As governor, DeSantis championed a 2022 law requiring all of the state’s public colleges to seek accreditation from any agency that is not the Southern Association of Colleges and Schools’ Commission on Colleges — the group that now oversees Florida’s 28 state colleges and 12 public universities. The law came on the heels of the accreditor’s inquiries about political interference and conflicts of interest at Florida State University and the University of Florida.
Lawmakers in North Carolina are now considering a similar measure, inspired at least in part by the Southern Association’s questions about the University of North Carolina at Chapel Hill’s plan to start a School of Civic Life and Leadership. The accreditor asked whether the university’s trustees had involved faculty members in developing the plan. The accreditor’s standards require colleges to recognize “the importance of both faculty and administrative involvement in the approval of educational programs.”
The Southern Association’s president, Belle S. Wheelan, declined to comment for this article.
The association is one of seven accrediting bodies that oversee nearly all of the nation’s traditional public and private nonprofit colleges. They were previously called “regional” accreditors because their oversight was limited to specific states.
The new Florida law is possible only because those geographic limits were dropped by the Trump administration. Now any college can be accredited by any of those seven associations, though only a handful have sought to switch so far.
Nobody has lost accreditation for failing to meet a standard under DEI.
DeSantis and other conservative politicians have now seized on the fact that six of the seven major accrediting agencies require colleges to demonstrate their commitment to diversity, equity and inclusion, for example by considering colleges’ mission statements, the diversity of their faculties, and disparate outcomes between white students and students of color.
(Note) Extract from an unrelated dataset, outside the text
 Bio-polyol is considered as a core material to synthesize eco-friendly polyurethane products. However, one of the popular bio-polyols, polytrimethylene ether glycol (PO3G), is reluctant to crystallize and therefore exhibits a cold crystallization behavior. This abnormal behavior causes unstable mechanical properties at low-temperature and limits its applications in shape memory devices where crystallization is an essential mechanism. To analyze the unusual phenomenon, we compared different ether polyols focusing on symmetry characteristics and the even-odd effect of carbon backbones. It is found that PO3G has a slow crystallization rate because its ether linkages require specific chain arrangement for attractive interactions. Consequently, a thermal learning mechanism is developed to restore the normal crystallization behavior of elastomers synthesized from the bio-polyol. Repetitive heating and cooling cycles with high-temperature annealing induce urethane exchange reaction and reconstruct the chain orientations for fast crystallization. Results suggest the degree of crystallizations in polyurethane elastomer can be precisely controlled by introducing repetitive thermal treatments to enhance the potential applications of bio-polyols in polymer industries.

The agency that has no DEI requirements is the Southern Association — the group from which Florida’s colleges are bound by state law to leave within the next decade.
Neither the DeSantis nor the Trump presidential campaigns responded to requests for comment.
Many Hurdles
Accreditation experts said the critique by DeSantis and other conservatives is misplaced. Their implication is that DEI measures are seeking to help one group of students at the expense of another group, said Sonny Ramaswamy, president of the Northwest Commission on Colleges and Universities, another accreditor. “We are not going to disadvantage one group by trying to help another group,” he said.
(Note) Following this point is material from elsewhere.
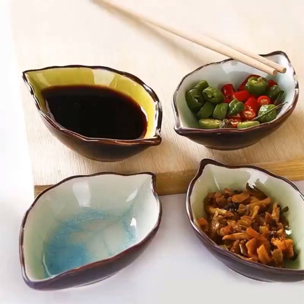 (Video Review) Đĩa Khay Đựng Gia Vị Sứ 1 Ngăn HÌNH CHIẾC LÁ - Chén Bát Nhỏ Đựng Nước Mắm, Nước Chấm, Xì Dầu Để Bàn Ăn

Accreditors try to help all students succeed and do not focus only on racial disparities, said Jamienne S. Studley, president of the Western Association’s Senior College and University Commission. “‘All students’ includes veterans and transfer students,” she wrote in an email, “rural students and parents, part-time and students studying by distance or on campus, of all backgrounds, faiths, ages, and academic goals and programs.”
The proposals by both DeSantis and Trump would also face significant legal and regulatory hurdles.
DeSantis’s proposal may be slightly more plausible than Trump’s, said Fansmith of the American Council on Education, but neither is possible under current federal law, which bars the government from dictating anything to do with the curriculum or what is taught in college classrooms. Overhauling the federal Higher Education Act , which was due to be reauthorized a decade ago, to reshape or eliminate accreditation requirements is probably out of the question in the near future, Fansmith said, because neither party is likely to win a large enough majority in the U.S. Senate to proceed with anything that could be controversial.
There are legitimate concerns about how accreditation works, especially as it relates to accreditors’ roles in limiting the cost of college and rise in student debt, Fansmith said. But those issues don’t make for great campaign speeches.